Richness of the fecal microbiome did not differ at the phyla (p = 0.15) or class (p = 0.20) levels across all three sequencing depths (Fig. 4A). However, richness increased with increasing sequencing depth for lower taxa at the order (p = 0.013), family (p = 0.001), genus (p = 0.001), and species (p < 0.001) levels. With post hoc analyses, richness was higher for D1 than D0.25 at the order (p = 0.017), family (p = 0.001), genus (p < 0.001), and species levels (p < 0.001). Furthermore, richness was higher for D0.5 than D0.25 at the genus (p = 0.024), and species (p = 0.016) levels. However, richness of the orders (p = 0.075), and families (p = 0.10) did not differ between these two sequencing depths.

Figure 4
figure 4

Richness of microbiome and resistome at various sequencing depths. Box-and-whisker plots showing (A) microbial taxon richness, and (B) AMR category richness. Boxes represent the interquartile ranges (upper line is the 75% quantile, and the lower line is the 25% quantile), the lines inside the boxes are the medians, the whiskers span the range of the 25% quantile or the 75% quantile plus 1.5 times the interquartile range, and dots are outliers.

The α-diversities of the taxonomic levels analyzed (p = 0.98–1.0) did not differ among sequencing depths as indicated by the distributions of the Inverse Simpson’s and Shannon’s index (Figures S5A and C). Regardless of sequencing depth, the relative proportions of reads assigned to the major bacterial phyla Firmicutes, Bacteroidetes, Proteobacteria and Spirochaetes remained similar (approximately 40%, 31%, 11.5, 7.5% and 4.5% respectively; Fig. 5A). For the archaeal phylum Euryarchaeota, the proportion of reads across all sequencing depths remained ~4.5% with methanobacteria as the most prevalent class in this phylum. Others have found that increasing the sequencing depth more consistently estimated the relative abundance of microbial taxa25. However, those findings may reflect the limited sequencing depth of that study which ranged from 500–100,000 sequences across samples as compared to the 19–175 million sequences obtained in our study across three levels of depth (Supplementary Dataset 1). Compared to our study, a rumen microbial metagenome study26 using 43.4–72.7 million 100 bp PE reads (similar to D0.5 range in our study) identified similar compositions for the top three abundant phyla; Firmicutes, Bacteroidetes and Proteobacteria. Interestingly, unlike using complete genomes from the RefSeq database for taxonomic assignments as in our study, their taxonomic assignments were based on bacterial phyla reads mapping to 16S rRNA gene sequences in the Greengenes database. Although species richness increased with sequencing depth, based on rarefaction and richness analyses combined, sequence reads resulting from the minimum sequencing depth in this study (D0.25) were adequate to infer the structure and relative abundance of members of the microbial community at the order level.

Figure 5
figure 5

Relative abundance of microbial taxa and AMR annotation levels. Microbial phyla (A), AMR classes (B), AMR mechanisms (C) and AMR gene groups (D) across various sequencing depths of D1, D0.5 and D0.25.
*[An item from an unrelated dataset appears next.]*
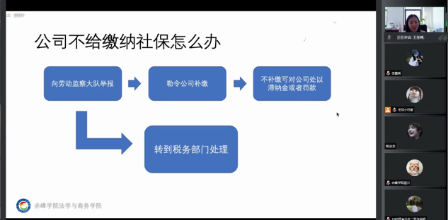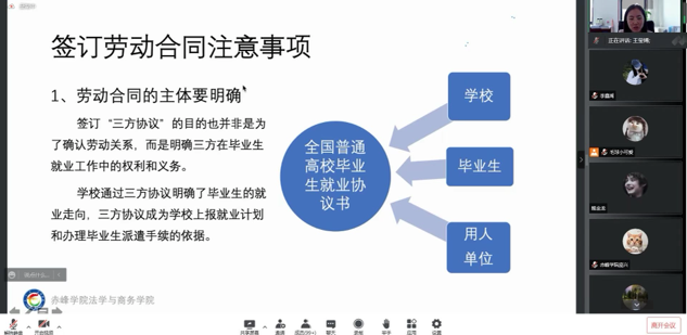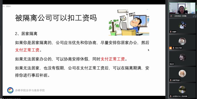 王莹博老师为毕业生介绍了与就业相关的的法律常识,围绕入职时签订劳务合同注意事项、休假安排加班工资、公司不缴纳社保该如何处理、疫情被隔离是否可以扣工资等常见的法律纠纷问题以及离职时经济补偿问题进行详细讲解。

Resistome comparison at various sequencing depths

Approximately 5.2 million reads (0.25% of total reads) were found to be associated with the MEGARes AMR database across all datasets. We selected a ≥75% gene fraction threshold (100% nucleotide homology with reference across 75% of target gene) for reads to be considered as ARG-associated hits unlike previous studies which used an 80% gene fraction threshold6,7,27. This approach resolved inconsistent filtering of ARGs across datasets with a gene fraction threshold difference of as low as 0.02. For example, read assignment to aminoglycoside AMR group Ant9 determinants was inconsistent between duplicate D0.5 datasets and between various depths for the same sample with coverage ranging between 78–90% with elimination of corresponding reads below the 80% threshold.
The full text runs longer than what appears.